Sınıfın kalabalık olduğunu, mevcudunun normal olmadığını biliyordum ama mevcudun 58 kişi olacağını hiç düşünmemiştim.
Hocamın dediği sınıfı teneffüslerde diğer sınıflardan sıra ararken görürüm. Fazla sıra bulmak mesele. Bulduğun sırayı sınıfa sığdırmak mesele. Çünkü kutu gibi bir sınıf. Bir defasında bu hocamızın raporlu olduğu bir gün sınıfın yoklamasını almak için gitmek istemiştim de içeriye girememiştim. Çünkü oturan kadar ayakta bekleyen, kapıda dikilen, kitap konulan kısma oturan, duvar kenarında, koridorda ve tahtada bekleşen öğrenciler gördüm. Ben bu sınıfın yoklamasını alıp dersime nasıl geçeceğim derken nöbet arkadaşım, “Benim dersim yok. Yoklamayı ben alayım” demişti de 58 kişiyi tek tek okumaktan kurtulmuştum.
Buraya kadar okuyan benim yaşıtım olan bazıları, “Biz yetmiş kişilik sınıflarda okuduk, ne var bunda” diyebilir. El hak doğrudur. Bir zamanlar sınıflar kalabalıktı. Sıralara üçer kişi otururduk. Şimdiki sıralar ikişer kişilik. Bir de sınıfın kapasitesi almıyor. Halbuki eski sınıflar ince uzundu. Sınıfa daha fazla kişi sığabilirdi. Bunlar geçmişte kaldı. Çünkü eski çamlar bardak oldu. Zamanın ruhu bu elli sekiz kişilik sınıfı kaldırmaz.
Üstelik 222 sayılı halen geçerli kanunda, “Bir sınıf mevcudu 40 kişiden fazla olamaz” demesine rağmen bazı okullarda maalesef bu anormal mevcutlar hala bu çağda mevcut.
Öğretmen bu sınıfta nasıl hakimiyet sağlasın nasıl ders işlesin nasıl yoklama alsın.
Geçen yıl 50 kişilik sınıflara ben de girdim. Ama bu mevcutlar tek sınıftan ibaretti. Zorlandığımı söyleyebilirim.
58 kişilik sınıfa her öğretmen girmiyor. Kültür öğretmenleri bu kalabalık sınıfların ceremesini çekiyor. Bu sınıfların dersi meslek dersi olduğu zaman öğrenciler sınıflarına geçiyor. Her bir meslekçiye 14-15 öğrenci düşüyor.
Sınıf olmaz, okula talep olur eh dersin. Ama bu 58 kişilik sınıf meslek dersinde sınıfına gittiğine göre demek ki sınıf var. O halde bu sınıflar yani kültürcülerin sınıfları niçin bu kadar kalabalık oluyor? Sınıf olduğuna göre kültür öğretmeni eksiği mi var? O da değil. Çünkü her bir kültürü 12-20 saat arasında haftalık derse giriyor.
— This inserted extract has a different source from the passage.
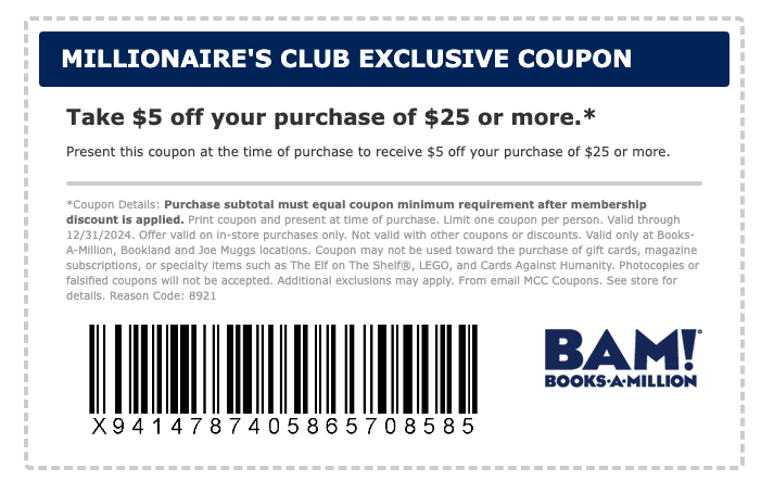 Books a Million has a discount code that’ll save you $5 off $25+ orders. The promo code is valid for in-store Millionaire’s Club members only. Here it is:
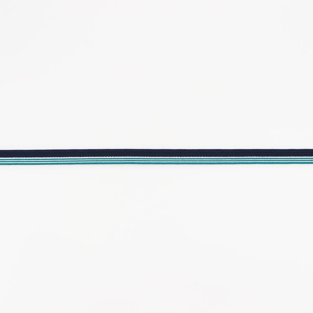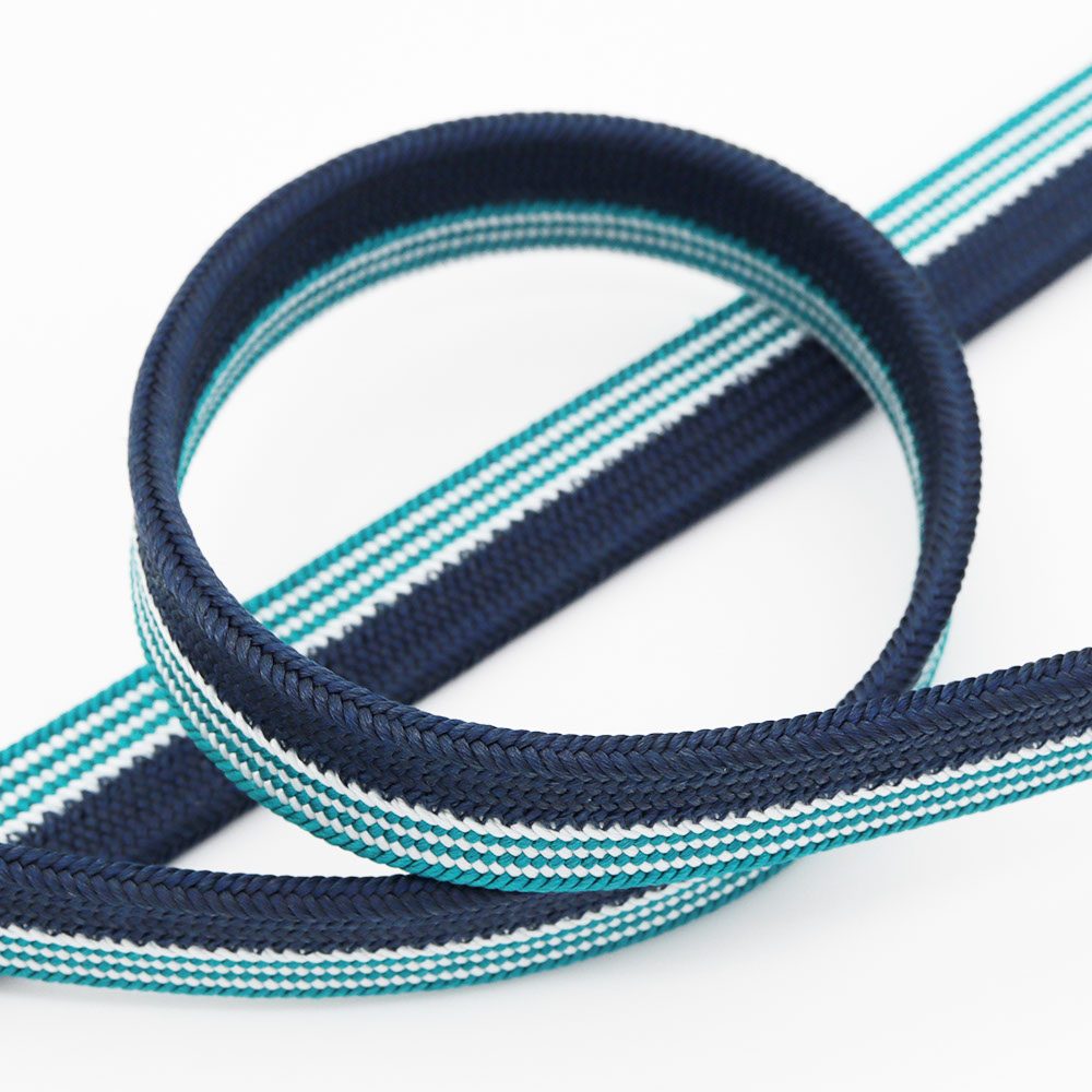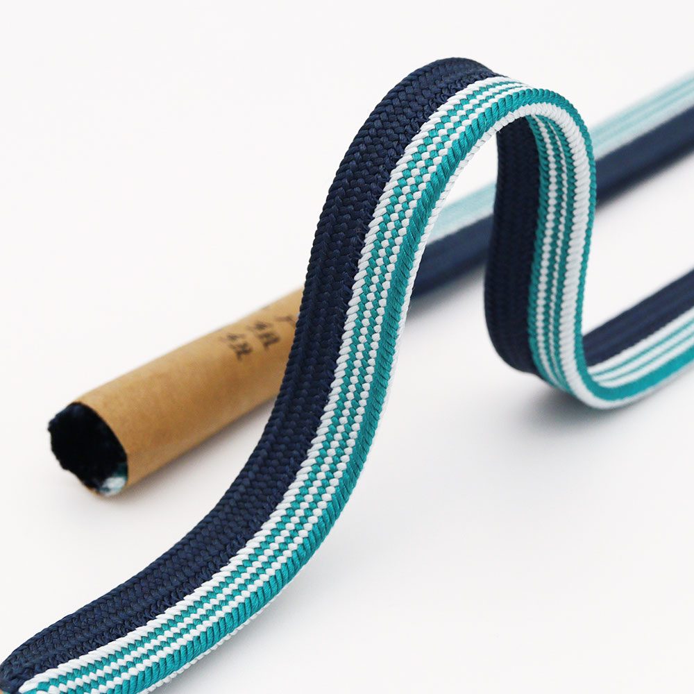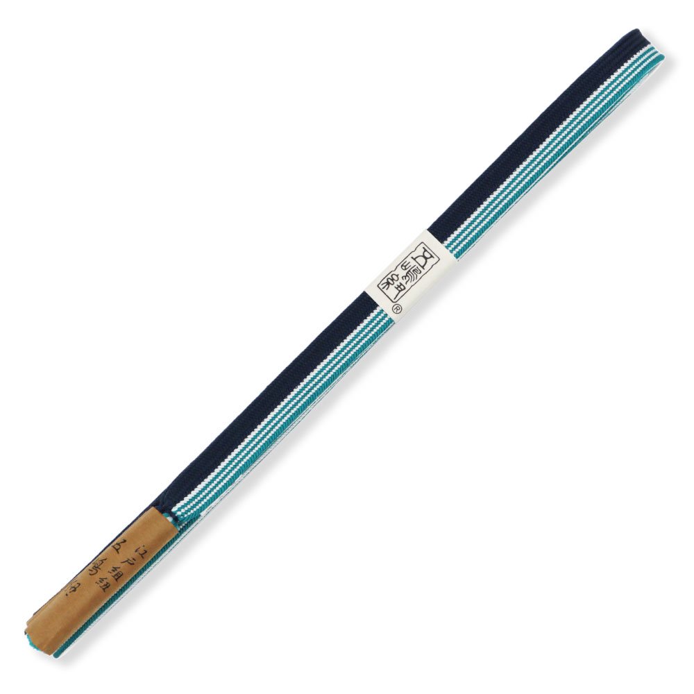 「貝の口のように固い紐」という意味から名付けられた、貝の口組みの一本。紺鼠と青緑色を立て別けに組み上げ、青緑色の方にだけ細縞のアクセントがプラスされています。

O zaman dört sınıfı birleştirmenin ne anlamı ve âlemi var? Dert yanan hocamın girdiği sınıf zannedersem 9.sınıf. Bakanlık her ne hikmetse mesleki eğitim merkezlerinin kaydına aralık sonuna kadar izin veriyor. Okul idaresi eylül ayında ders programı yaparken mevcudu az olan sınıfları birleştirme yoluna gidiyor. Aralık sonuna kadar kayıt olunca mevcut bu derece artıyor. Beklenmedik bu artış sonucu okul idaresi yeni ders programı değişikliği yapmak suretiyle birleştirdiği sınıfların bazısını ayırma yoluna gidiyor.
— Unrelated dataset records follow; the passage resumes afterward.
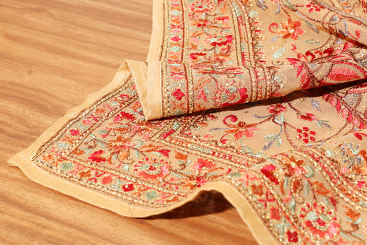 Champagne Beige Kashmiri Embroidered Georgette Saree with Gold Accents 090
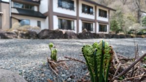 今年は例年になく暖かい日が続いていた為、もう環湖荘の前ではコゴミ等の山菜が芽を出し始めました。
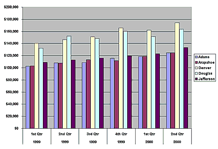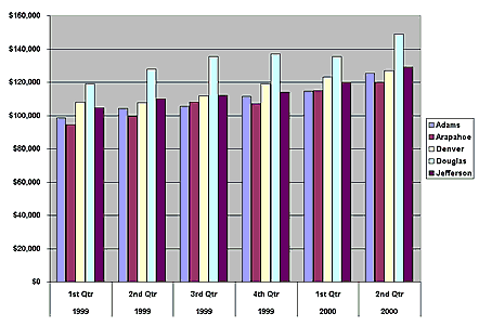 | | | | | 1999 1st Qtr | 1999 2nd Qtr | 1999 3rd Qtr | 1999 4th Qtr | | 2000 1st Qtr | 2000 2nd Qtr | | Adams | $102,716 | $108,387 | $108,670 | $115,817 | | $118,534 | $124,617 | | Arapahoe | $103,280 | $107,727 | $113,278 | $111,681 | | $118,892 | $124,917 | | Denver | $140,424 | $146,594 | $151,083 | $165,866 | | $162,049 | $174,250 | | Douglas | $132,221 | $152,187 | $148,497 | $160,056 | | $151,564 | $163,636 | | Jefferson | $109,042 | $112,967 | $115,954 | $119,548 | | $123,156 | $133,325 | (Mean) Average Sales Prices Chart
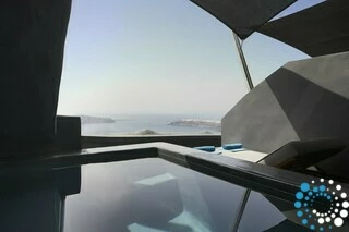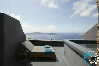 Stel u dit voor: een onvergetelijk panoramisch uitzicht van 180 graden dat zich voor u ontvouwt en de hele baai en caldera omarmt. Uw blik wordt meteen getrokken naar Skaros Rock – de overblijfselen van de oude akropolis van Santorini – die dapper oprijst uit een solitaire rotsformatie in het water. Wanneer u verder kijkt, ziet u spectaculaire zonsondergangen en een volledig uitzicht op de iconische vulkaan van Santorini.
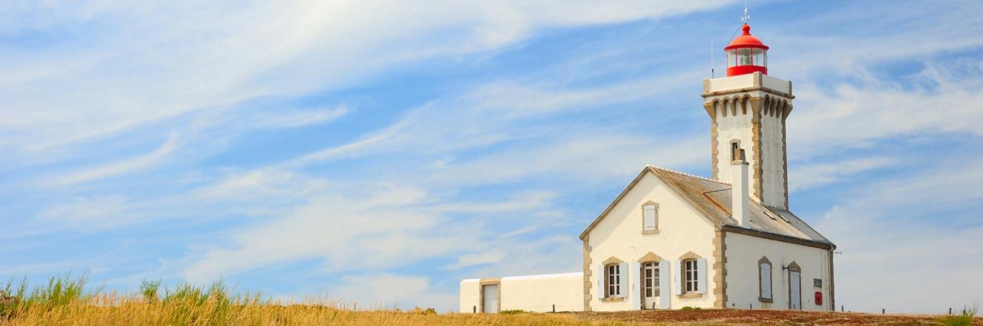 A grand white lighthouse with a red light tower surrounded by a pasture beneath a blue sky
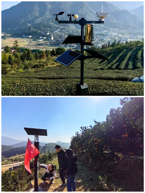 此次配备的“田间病害智能AI监测仪”能够通过高清摄像与人工智能算法,可全天候全方位不间断高清监测茶园病虫害,并通过4G网络实时发送茶叶生长情况、田间温湿度、病虫害等数据至指定终端,实现对病虫害的自动识别、实时监测与早期预警,极大提升了病虫害监测的精准性与时效性。“太阳能风吸式杀虫灯”利用特定波长的光源与风力吸捕技术,可高效诱杀多种果园害虫,显著减少化学农药使用量。目前,相关设备已完成安装调试并投入运行,后续植保技术人员将对果园和茶园业主进行技术培训,指导业主科学运用设备数据,优化防控决策,让科技装备真正成为农民增产增收的“好帮手”,共同守护尤溪的青山绿水与金山银山。(尤溪县植保植检站 李廷玉 柯玲 游钟浩)
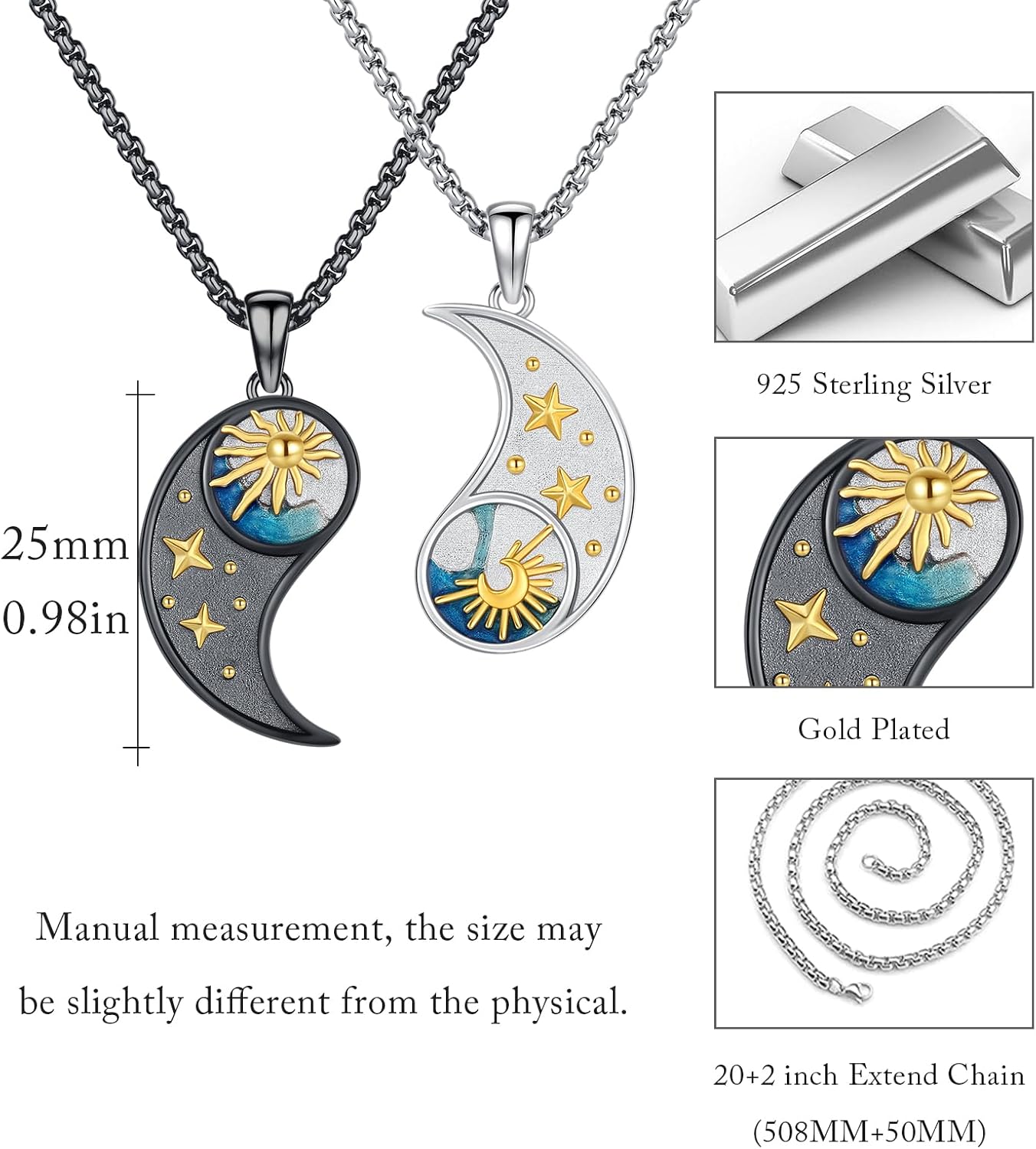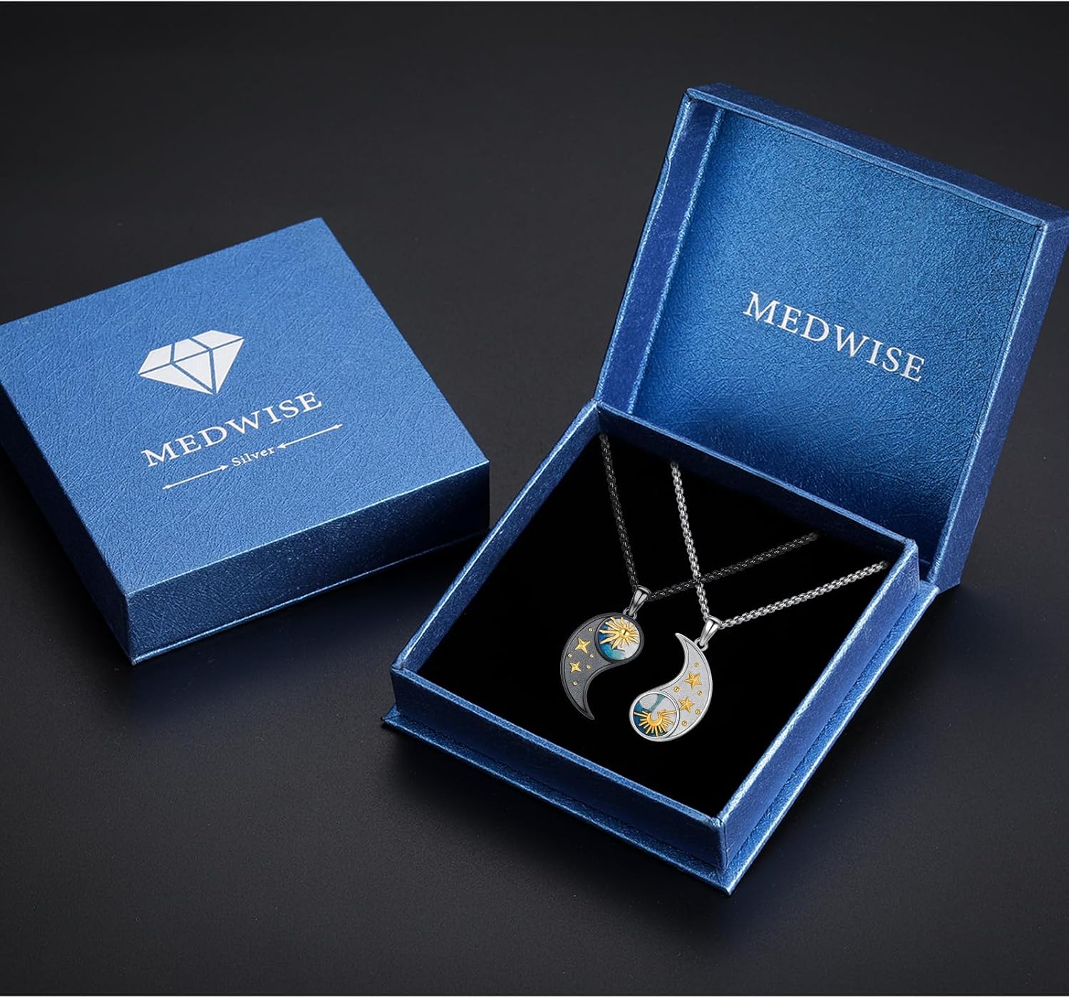 🌟 Welcome to MEDWISE— Where Timeless Elegance Meets Modern Style 🌟Every MEDWISE piece begins with a commitment: Authentic 925 Sterling Silver, Hypoallergenic & Tarnish-Resistant. Born from a passion for transforming everyday moments into heirlooms, our collections blend delicate artistry with enduring quality. Whether it’s a whisper-thin chain for daily elegance or a statement pendant for unforgettable nights, MEDWISE is where modern versatility meets legacy-worthy craftsmanship.✨ Why Choose MEDWISE? ✨1. Authentic 925 Sterling Silver | Hypoallergenic & DurableAll MEDWISE jewelry is crafted from premium 925 sterling silver — a hallmark of purity and longevity. Perfect for sensitive skin, it’s the ideal choice for those who seek beauty without compromise.2. Curated Collections for Every Style: From dainty chains to pendant,Studs, hoops, and drop designs that frame your face with effortless grace.3. This exquisite Sun and Moon Yin Yang necklace set features two complementary pendants crafted from 925 sterling silver with stunning gold-plated celestial details. Each pendant showcases intricate sun and moon designs adorned with golden stars and vibrant blue enamel accents. The contrasting black and silver finishes create a striking yin yang effect that symbolizes balance and harmony. Perfect for couples, best friends, or anyone who appreciates celestial symbolism, this meaningful jewelry set includes two matching necklaces with 20+2 inch extendable chains for comfortable, adjustable wear. Whether it’s a gift for a loved one or a treat for yourself, our pieces are designed to be cherished. Many designs feature customizable elements, like photo locket, turning jewelry into a canvas for your story.🔍 Jewelry Care Guide | Preserve Your MEDWISE Shine 🔍To ensure your treasures last a lifetime: Avoid Chemicals: Remove jewelry before swimming, showering, or applying perfumes/lotions. Gentle Cleaning: Use a soft polishing cloth regularly; for deeper cleans, soak in mild soapy water and pat dry.🛍️ Your Satisfaction, Our Promise 🛍️Every MEDWISE purchase includes:✅ Premium Gift-Ready Packaging✅ 24/7 Customer Support

Bazen de mevcutların kalabalık olmasında, derslik ihtiyacının yanında, okul yönetimlerinin işgüzarlığı da oluyor. Şöyle ki: 10.11.ve 12.sınıflarda bölüm ve alan farklı olduğu için meslek hocaları, 1-5-10-15 kişilik mevcutlarla ders işlerken, iş kültür dersine gelince, okul idarelerinin aklına devleti korumak geliyor. Biz bu sınıfları iki, üç, dört sınıfı birleştirerek tek kültür öğretmenine verelim. Kültürcüler boşu boşuna ek ders almasın mantığı güdülüyor olmalı ki mevcudu az sınıflar birleştiriliyor. Tamam, az mevcutlar kültür derslerinde birleştirilsin. Ama iki sınıf birleştirilsin. Üç dört sınıf birleştirilince kültür öğretmeni bir derste dört ayrı deftere konu yazmak zorunda kalıyor. Her sınıfın ayrı ayrı yoklamasını yapıyor. Diğer meslek öğretmeni beş kişiye sınav yaparken kültür öğretmeni tek sınıfta dört sınıfın sınavını yaparak daha fazla kağıt okuyor.
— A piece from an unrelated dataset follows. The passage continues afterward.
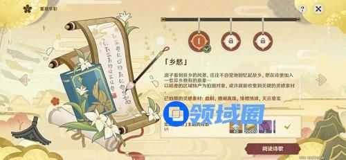 任务要求:拍摄4张不同的稻妻区域特产照片,帮助寻找灵感,完成「乡愁」主题的诗歌。
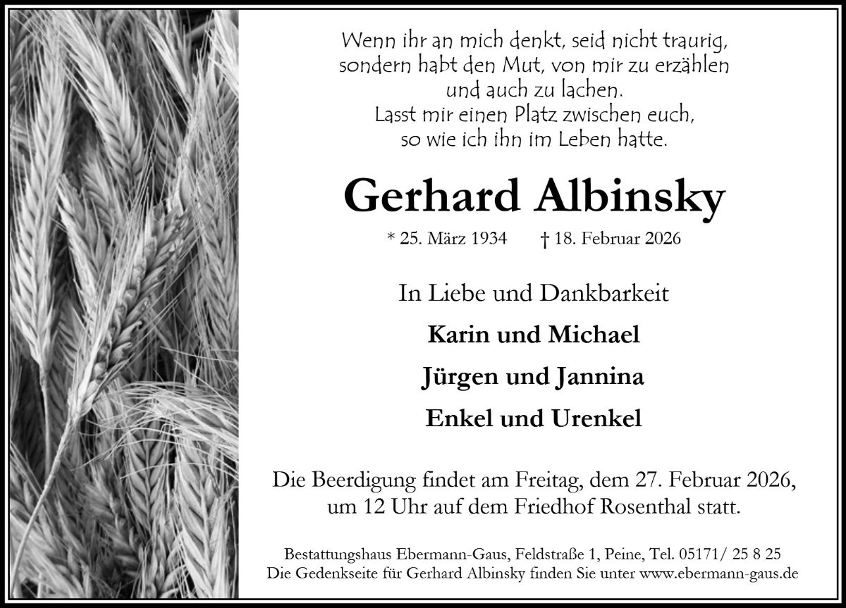 gestorben am 18. Februar 2026 in Peine

Sınıf birleştirme yapılsın ama makul ve insafı elden bırakmamak lazım. Kültür öğretmeninin canı çıksın mantığı güdülmemeli. İdareciler biraz empati yapmalı. Mesela 58 kişili dört sınıfa idareciler bir iki hafta derse girmeli. “Biz bilmeden kültürcülere eziyet etmişiz” demeli ve gereğini yapmalı.
Kısaca, meslek okullarında kültür öğretmenlerine üvey evlat muamelesi yapılmamalı.